=== Information supplied ===

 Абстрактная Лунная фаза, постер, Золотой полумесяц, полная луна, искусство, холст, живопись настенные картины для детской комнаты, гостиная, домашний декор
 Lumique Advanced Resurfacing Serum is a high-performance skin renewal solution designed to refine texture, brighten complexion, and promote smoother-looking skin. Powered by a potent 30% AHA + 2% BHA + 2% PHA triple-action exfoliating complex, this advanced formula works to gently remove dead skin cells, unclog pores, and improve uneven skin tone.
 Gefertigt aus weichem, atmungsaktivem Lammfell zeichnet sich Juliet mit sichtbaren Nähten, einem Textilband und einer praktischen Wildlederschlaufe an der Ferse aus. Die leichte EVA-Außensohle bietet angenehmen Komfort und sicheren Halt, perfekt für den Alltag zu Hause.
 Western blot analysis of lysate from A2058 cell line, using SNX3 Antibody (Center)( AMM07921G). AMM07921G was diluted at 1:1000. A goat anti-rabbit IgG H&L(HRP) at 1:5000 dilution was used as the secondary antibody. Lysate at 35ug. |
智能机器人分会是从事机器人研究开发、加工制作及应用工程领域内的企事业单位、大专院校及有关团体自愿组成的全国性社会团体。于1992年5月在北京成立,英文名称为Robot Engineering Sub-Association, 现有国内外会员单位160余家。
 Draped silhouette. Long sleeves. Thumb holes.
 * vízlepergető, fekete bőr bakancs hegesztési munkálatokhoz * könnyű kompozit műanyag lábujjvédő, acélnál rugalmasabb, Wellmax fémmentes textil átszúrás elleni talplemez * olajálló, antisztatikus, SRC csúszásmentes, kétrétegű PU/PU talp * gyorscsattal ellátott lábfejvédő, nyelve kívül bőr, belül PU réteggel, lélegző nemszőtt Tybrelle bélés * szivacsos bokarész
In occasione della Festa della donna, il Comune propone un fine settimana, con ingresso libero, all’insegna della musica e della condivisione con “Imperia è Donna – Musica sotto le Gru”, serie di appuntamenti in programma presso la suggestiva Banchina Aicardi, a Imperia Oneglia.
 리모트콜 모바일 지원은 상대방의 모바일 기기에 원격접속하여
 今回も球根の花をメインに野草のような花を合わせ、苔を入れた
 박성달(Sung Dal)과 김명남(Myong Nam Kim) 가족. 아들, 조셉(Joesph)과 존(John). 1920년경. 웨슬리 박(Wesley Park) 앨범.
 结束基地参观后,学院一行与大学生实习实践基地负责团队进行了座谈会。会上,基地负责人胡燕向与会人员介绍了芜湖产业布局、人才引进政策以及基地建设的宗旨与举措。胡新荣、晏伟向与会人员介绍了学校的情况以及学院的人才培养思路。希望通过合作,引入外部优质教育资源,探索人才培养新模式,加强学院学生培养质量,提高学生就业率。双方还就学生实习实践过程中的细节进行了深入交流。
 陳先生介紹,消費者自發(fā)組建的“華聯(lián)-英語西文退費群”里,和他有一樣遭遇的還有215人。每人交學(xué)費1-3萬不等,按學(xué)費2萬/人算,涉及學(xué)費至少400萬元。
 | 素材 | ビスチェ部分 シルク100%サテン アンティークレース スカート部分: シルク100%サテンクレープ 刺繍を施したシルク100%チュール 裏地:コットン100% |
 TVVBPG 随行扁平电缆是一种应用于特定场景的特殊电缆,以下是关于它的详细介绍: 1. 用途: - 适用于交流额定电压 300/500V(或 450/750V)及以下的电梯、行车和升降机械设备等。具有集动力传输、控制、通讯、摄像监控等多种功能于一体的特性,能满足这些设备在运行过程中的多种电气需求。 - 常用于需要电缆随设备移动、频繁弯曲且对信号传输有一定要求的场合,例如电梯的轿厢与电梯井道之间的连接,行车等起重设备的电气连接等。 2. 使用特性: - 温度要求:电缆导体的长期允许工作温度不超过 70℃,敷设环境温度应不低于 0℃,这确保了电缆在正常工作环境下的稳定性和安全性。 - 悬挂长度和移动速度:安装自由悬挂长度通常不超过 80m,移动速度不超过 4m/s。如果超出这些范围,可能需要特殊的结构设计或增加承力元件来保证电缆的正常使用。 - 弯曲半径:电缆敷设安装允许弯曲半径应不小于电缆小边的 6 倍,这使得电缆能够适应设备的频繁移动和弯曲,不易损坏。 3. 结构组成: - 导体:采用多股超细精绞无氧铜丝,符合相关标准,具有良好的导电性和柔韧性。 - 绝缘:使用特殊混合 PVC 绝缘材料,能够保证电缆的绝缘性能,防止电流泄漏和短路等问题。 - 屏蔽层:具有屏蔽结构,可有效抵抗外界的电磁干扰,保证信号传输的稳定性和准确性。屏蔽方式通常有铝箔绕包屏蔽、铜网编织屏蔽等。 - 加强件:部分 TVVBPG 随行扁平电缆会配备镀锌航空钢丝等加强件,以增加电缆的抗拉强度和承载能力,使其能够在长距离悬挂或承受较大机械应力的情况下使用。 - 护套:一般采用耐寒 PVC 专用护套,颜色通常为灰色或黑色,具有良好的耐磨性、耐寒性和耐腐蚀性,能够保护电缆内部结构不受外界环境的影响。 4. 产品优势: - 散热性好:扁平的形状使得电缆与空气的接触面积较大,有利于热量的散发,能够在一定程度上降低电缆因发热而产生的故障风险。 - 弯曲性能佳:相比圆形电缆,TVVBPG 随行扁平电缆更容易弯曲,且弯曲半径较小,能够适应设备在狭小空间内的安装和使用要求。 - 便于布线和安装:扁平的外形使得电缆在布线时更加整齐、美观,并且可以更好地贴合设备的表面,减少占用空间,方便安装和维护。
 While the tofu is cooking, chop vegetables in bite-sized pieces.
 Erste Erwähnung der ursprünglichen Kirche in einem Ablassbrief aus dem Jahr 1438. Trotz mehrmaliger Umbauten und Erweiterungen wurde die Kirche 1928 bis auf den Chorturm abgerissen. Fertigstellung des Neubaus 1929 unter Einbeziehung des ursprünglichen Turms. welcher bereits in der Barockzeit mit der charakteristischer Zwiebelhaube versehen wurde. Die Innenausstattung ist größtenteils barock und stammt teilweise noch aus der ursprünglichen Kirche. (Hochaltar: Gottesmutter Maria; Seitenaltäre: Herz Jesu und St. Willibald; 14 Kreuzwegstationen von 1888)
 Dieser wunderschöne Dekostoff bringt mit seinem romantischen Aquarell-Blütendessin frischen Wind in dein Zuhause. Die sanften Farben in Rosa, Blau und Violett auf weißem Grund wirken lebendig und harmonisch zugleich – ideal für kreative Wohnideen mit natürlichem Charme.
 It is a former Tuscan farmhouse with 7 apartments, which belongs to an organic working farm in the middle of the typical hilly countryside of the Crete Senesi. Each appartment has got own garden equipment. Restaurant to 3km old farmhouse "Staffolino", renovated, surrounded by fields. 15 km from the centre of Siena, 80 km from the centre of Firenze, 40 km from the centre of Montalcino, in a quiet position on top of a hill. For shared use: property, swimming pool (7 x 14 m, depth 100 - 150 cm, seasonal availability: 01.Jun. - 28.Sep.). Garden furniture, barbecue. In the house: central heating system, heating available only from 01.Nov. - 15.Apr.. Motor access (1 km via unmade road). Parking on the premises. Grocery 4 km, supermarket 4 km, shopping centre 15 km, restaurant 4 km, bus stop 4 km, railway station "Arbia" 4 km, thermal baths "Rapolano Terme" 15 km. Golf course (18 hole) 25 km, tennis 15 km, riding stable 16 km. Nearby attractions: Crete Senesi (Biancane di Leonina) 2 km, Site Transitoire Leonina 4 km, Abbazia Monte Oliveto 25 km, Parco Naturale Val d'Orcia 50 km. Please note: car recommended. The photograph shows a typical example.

===

Task:
Copy the material above, keeping every line exactly as it stands.

Finished exercise:
 Абстрактная Лунная фаза, постер, Золотой полумесяц, полная луна, искусство, холст, живопись настенные картины для детской комнаты, гостиная, домашний декор
 Lumique Advanced Resurfacing Serum is a high-performance skin renewal solution designed to refine texture, brighten complexion, and promote smoother-looking skin. Powered by a potent 30% AHA + 2% BHA + 2% PHA triple-action exfoliating complex, this advanced formula works to gently remove dead skin cells, unclog pores, and improve uneven skin tone.
 Gefertigt aus weichem, atmungsaktivem Lammfell zeichnet sich Juliet mit sichtbaren Nähten, einem Textilband und einer praktischen Wildlederschlaufe an der Ferse aus. Die leichte EVA-Außensohle bietet angenehmen Komfort und sicheren Halt, perfekt für den Alltag zu Hause.
 Western blot analysis of lysate from A2058 cell line, using SNX3 Antibody (Center)( AMM07921G). AMM07921G was diluted at 1:1000. A goat anti-rabbit IgG H&L(HRP) at 1:5000 dilution was used as the secondary antibody. Lysate at 35ug. |
智能机器人分会是从事机器人研究开发、加工制作及应用工程领域内的企事业单位、大专院校及有关团体自愿组成的全国性社会团体。于1992年5月在北京成立,英文名称为Robot Engineering Sub-Association, 现有国内外会员单位160余家。
 Draped silhouette. Long sleeves. Thumb holes.
 * vízlepergető, fekete bőr bakancs hegesztési munkálatokhoz * könnyű kompozit műanyag lábujjvédő, acélnál rugalmasabb, Wellmax fémmentes textil átszúrás elleni talplemez * olajálló, antisztatikus, SRC csúszásmentes, kétrétegű PU/PU talp * gyorscsattal ellátott lábfejvédő, nyelve kívül bőr, belül PU réteggel, lélegző nemszőtt Tybrelle bélés * szivacsos bokarész
In occasione della Festa della donna, il Comune propone un fine settimana, con ingresso libero, all’insegna della musica e della condivisione con “Imperia è Donna – Musica sotto le Gru”, serie di appuntamenti in programma presso la suggestiva Banchina Aicardi, a Imperia Oneglia.
 리모트콜 모바일 지원은 상대방의 모바일 기기에 원격접속하여
 今回も球根の花をメインに野草のような花を合わせ、苔を入れた
 박성달(Sung Dal)과 김명남(Myong Nam Kim) 가족. 아들, 조셉(Joesph)과 존(John). 1920년경. 웨슬리 박(Wesley Park) 앨범.
 结束基地参观后,学院一行与大学生实习实践基地负责团队进行了座谈会。会上,基地负责人胡燕向与会人员介绍了芜湖产业布局、人才引进政策以及基地建设的宗旨与举措。胡新荣、晏伟向与会人员介绍了学校的情况以及学院的人才培养思路。希望通过合作,引入外部优质教育资源,探索人才培养新模式,加强学院学生培养质量,提高学生就业率。双方还就学生实习实践过程中的细节进行了深入交流。
 陳先生介紹,消費者自發(fā)組建的“華聯(lián)-英語西文退費群”里,和他有一樣遭遇的還有215人。每人交學(xué)費1-3萬不等,按學(xué)費2萬/人算,涉及學(xué)費至少400萬元。
 | 素材 | ビスチェ部分 シルク100%サテン アンティークレース スカート部分: シルク100%サテンクレープ 刺繍を施したシルク100%チュール 裏地:コットン100% |
 TVVBPG 随行扁平电缆是一种应用于特定场景的特殊电缆,以下是关于它的详细介绍: 1. 用途: - 适用于交流额定电压 300/500V(或 450/750V)及以下的电梯、行车和升降机械设备等。具有集动力传输、控制、通讯、摄像监控等多种功能于一体的特性,能满足这些设备在运行过程中的多种电气需求。 - 常用于需要电缆随设备移动、频繁弯曲且对信号传输有一定要求的场合,例如电梯的轿厢与电梯井道之间的连接,行车等起重设备的电气连接等。 2. 使用特性: - 温度要求:电缆导体的长期允许工作温度不超过 70℃,敷设环境温度应不低于 0℃,这确保了电缆在正常工作环境下的稳定性和安全性。 - 悬挂长度和移动速度:安装自由悬挂长度通常不超过 80m,移动速度不超过 4m/s。如果超出这些范围,可能需要特殊的结构设计或增加承力元件来保证电缆的正常使用。 - 弯曲半径:电缆敷设安装允许弯曲半径应不小于电缆小边的 6 倍,这使得电缆能够适应设备的频繁移动和弯曲,不易损坏。 3. 结构组成: - 导体:采用多股超细精绞无氧铜丝,符合相关标准,具有良好的导电性和柔韧性。 - 绝缘:使用特殊混合 PVC 绝缘材料,能够保证电缆的绝缘性能,防止电流泄漏和短路等问题。 - 屏蔽层:具有屏蔽结构,可有效抵抗外界的电磁干扰,保证信号传输的稳定性和准确性。屏蔽方式通常有铝箔绕包屏蔽、铜网编织屏蔽等。 - 加强件:部分 TVVBPG 随行扁平电缆会配备镀锌航空钢丝等加强件,以增加电缆的抗拉强度和承载能力,使其能够在长距离悬挂或承受较大机械应力的情况下使用。 - 护套:一般采用耐寒 PVC 专用护套,颜色通常为灰色或黑色,具有良好的耐磨性、耐寒性和耐腐蚀性,能够保护电缆内部结构不受外界环境的影响。 4. 产品优势: - 散热性好:扁平的形状使得电缆与空气的接触面积较大,有利于热量的散发,能够在一定程度上降低电缆因发热而产生的故障风险。 - 弯曲性能佳:相比圆形电缆,TVVBPG 随行扁平电缆更容易弯曲,且弯曲半径较小,能够适应设备在狭小空间内的安装和使用要求。 - 便于布线和安装:扁平的外形使得电缆在布线时更加整齐、美观,并且可以更好地贴合设备的表面,减少占用空间,方便安装和维护。
 While the tofu is cooking, chop vegetables in bite-sized pieces.
 Erste Erwähnung der ursprünglichen Kirche in einem Ablassbrief aus dem Jahr 1438. Trotz mehrmaliger Umbauten und Erweiterungen wurde die Kirche 1928 bis auf den Chorturm abgerissen. Fertigstellung des Neubaus 1929 unter Einbeziehung des ursprünglichen Turms. welcher bereits in der Barockzeit mit der charakteristischer Zwiebelhaube versehen wurde. Die Innenausstattung ist größtenteils barock und stammt teilweise noch aus der ursprünglichen Kirche. (Hochaltar: Gottesmutter Maria; Seitenaltäre: Herz Jesu und St. Willibald; 14 Kreuzwegstationen von 1888)
 Dieser wunderschöne Dekostoff bringt mit seinem romantischen Aquarell-Blütendessin frischen Wind in dein Zuhause. Die sanften Farben in Rosa, Blau und Violett auf weißem Grund wirken lebendig und harmonisch zugleich – ideal für kreative Wohnideen mit natürlichem Charme.
 It is a former Tuscan farmhouse with 7 apartments, which belongs to an organic working farm in the middle of the typical hilly countryside of the Crete Senesi. Each appartment has got own garden equipment. Restaurant to 3km old farmhouse "Staffolino", renovated, surrounded by fields. 15 km from the centre of Siena, 80 km from the centre of Firenze, 40 km from the centre of Montalcino, in a quiet position on top of a hill. For shared use: property, swimming pool (7 x 14 m, depth 100 - 150 cm, seasonal availability: 01.Jun. - 28.Sep.). Garden furniture, barbecue. In the house: central heating system, heating available only from 01.Nov. - 15.Apr.. Motor access (1 km via unmade road). Parking on the premises. Grocery 4 km, supermarket 4 km, shopping centre 15 km, restaurant 4 km, bus stop 4 km, railway station "Arbia" 4 km, thermal baths "Rapolano Terme" 15 km. Golf course (18 hole) 25 km, tennis 15 km, riding stable 16 km. Nearby attractions: Crete Senesi (Biancane di Leonina) 2 km, Site Transitoire Leonina 4 km, Abbazia Monte Oliveto 25 km, Parco Naturale Val d'Orcia 50 km. Please note: car recommended. The photograph shows a typical example.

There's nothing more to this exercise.